De este lenguaje, del lenguaje de la ficción simbólica, radicalmente nuevo en sus formas nacerá el humanismo, la que Heidegger llamó Época de la Imagen del mundo, en la que bajo la especie de la objetividad en nuevo universo infinito y homogéneo de la ciencia quedará a disposición del sujeto. Es la Modernidad. Una visión del mundo completamente nueva perfectamente solidaria con las formas que la vehiculan: la narración novelesca, el nuevo teatro y la pintura en perspectiva. Y la obra de los tres grandes genios barrocos estará enfocada a mostrar como esta temible apariencia de verdad es el mejor vehículo del engaño. No de otra cosa versan las novelas cervantinas, los dramas y comedias shakesperianos y los óleos velazqueños.

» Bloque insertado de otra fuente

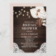 O chá de panela rústico de Boho apresenta jarras gigantes bege e flores brancas e folhas de palma secas sobre fundo de madeira.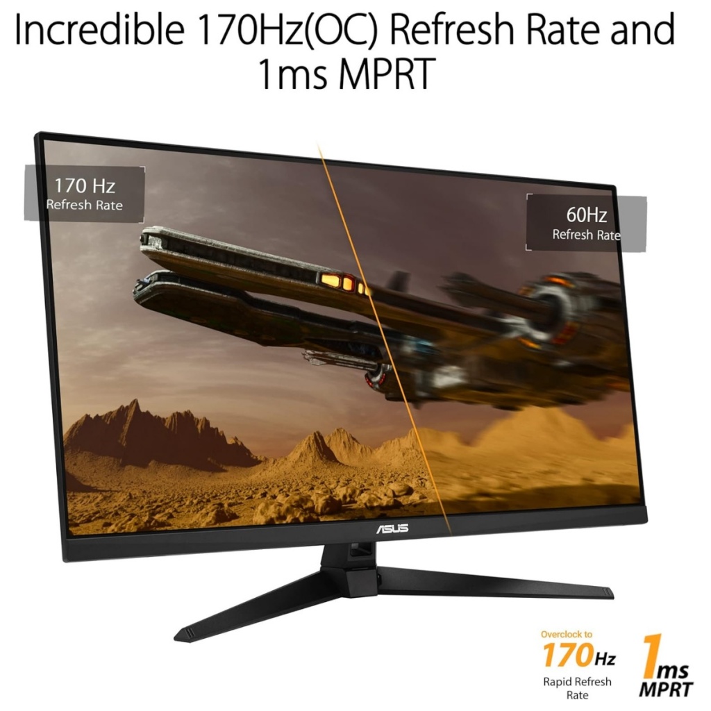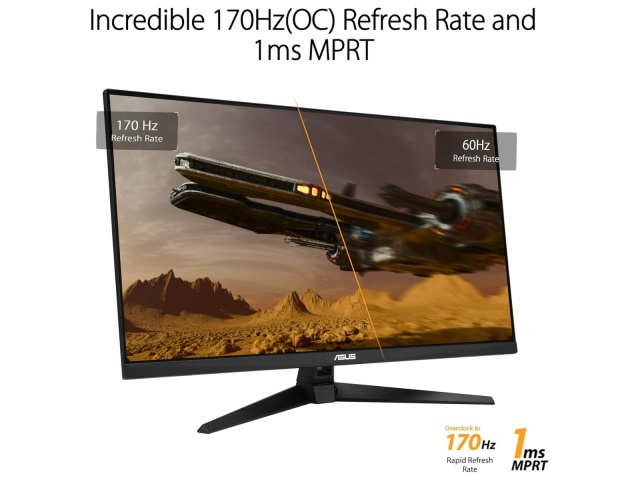 El TUF Gaming VG32AQA1A ofrece imágenes impresionantes desde todos los ángulos. Con una frecuencia de actualización de 170 Hz, reduce el lag y el desenfoque de movimiento para que tengas la ventaja en juegos de disparos en primera persona, carreras, estrategia en tiempo real y deportes. Esta frecuencia de actualización ultrarrápida te permite jugar con la configuración visual más alta y reaccionar al instante a lo que aparece en pantalla, para que puedas dar el primer golpe.

No hay forma de instaurar un orden nuevo sino es a través de un lenguaje, de un espacio de la representación, completamente inédito, porque todos los lenguajes tienen la potencia modelizadora que les hace capaz de engullir los signos y perpetuar las relaciones de poder como si fueran eternas, con el único cambio de los rostros, que efecto de la humana muerte, han de ir sustituyéndose en el sueño eterno que es el drama de la vida. Viendo lo difícil que era despertar, Segismundo decidió seguir soñando para poder ser rey.
No se puede hacer una política nueva sino se atacan de raíz los lenguajes del poder y sólo se pretende buscar un lugar en ellos.